6th Lieutenant Governor of American Samoa
- In office January 4, 1993 – January 3, 1997
- Governor: A. P. Lutali
- Preceded by: Gaioi Tufele Galeai
- Succeeded by: Togiola Tulafono

Member of the American Samoa House of Representatives
- In office 1969–1970

Personal details
- Born: August 29, 1941 Fagatogo, American Samoa, U.S.
- Died: March 26, 2003 (aged 61) En route to Hawaii
- Party: Democratic
- Spouse: Fagaoalii Satele (1969–2003)
- Children: 10
- Education: University of Nebraska, Kearney (BA) University of Hawaii, Manoa (MA)

= Tauese Sunia =

American politician

Tauese Tuailemafua Pita Fiti Sunia (August 29, 1941 - March 26, 2003) was an American Samoan politician who served as the fifth governor of American Samoa from 1997 until his death in 2003. He was the second governor of American Samoa to die in office; Warren Terhune was the first.

==Career==
Sunia's career in public service began in the education sector, where he held various administrative roles, including Deputy Director of the American Samoa Department of Education from 1972 to 1974. In 1974, he became the first vice president of the newly established American Samoa Community College, and later served as the Director of the Department of Education from 1984 to 1988. His political career began in 1992 when he was elected as Lieutenant Governor on the Democratic ticket alongside A. P. Lutali.
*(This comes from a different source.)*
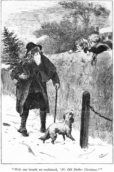 “This idea was rather favoured by the fact that the dog led us up the lane. Only a little way; then he stopped by something lying in the ditch—and once more we cried in the same breath, ‘It’s Old Father Christmas!’”

Sunia was a member of the Democratic Party. He won the election of 1996 in a close runoff with Lealaifuaneva Peter Reid (51%-48%). The runoff was caused by a split in the Democratic Party in American Samoa between Sunia and incumbent governor Lutali Aifili Paulo Lauvao, who received third place, with no candidate gaining a majority. Sunia won another close victory against Reid in the 2000 election, 50%–48%, with no runoff. The results were contested by his opponent, Peter Reid, but were eventually upheld by the courts.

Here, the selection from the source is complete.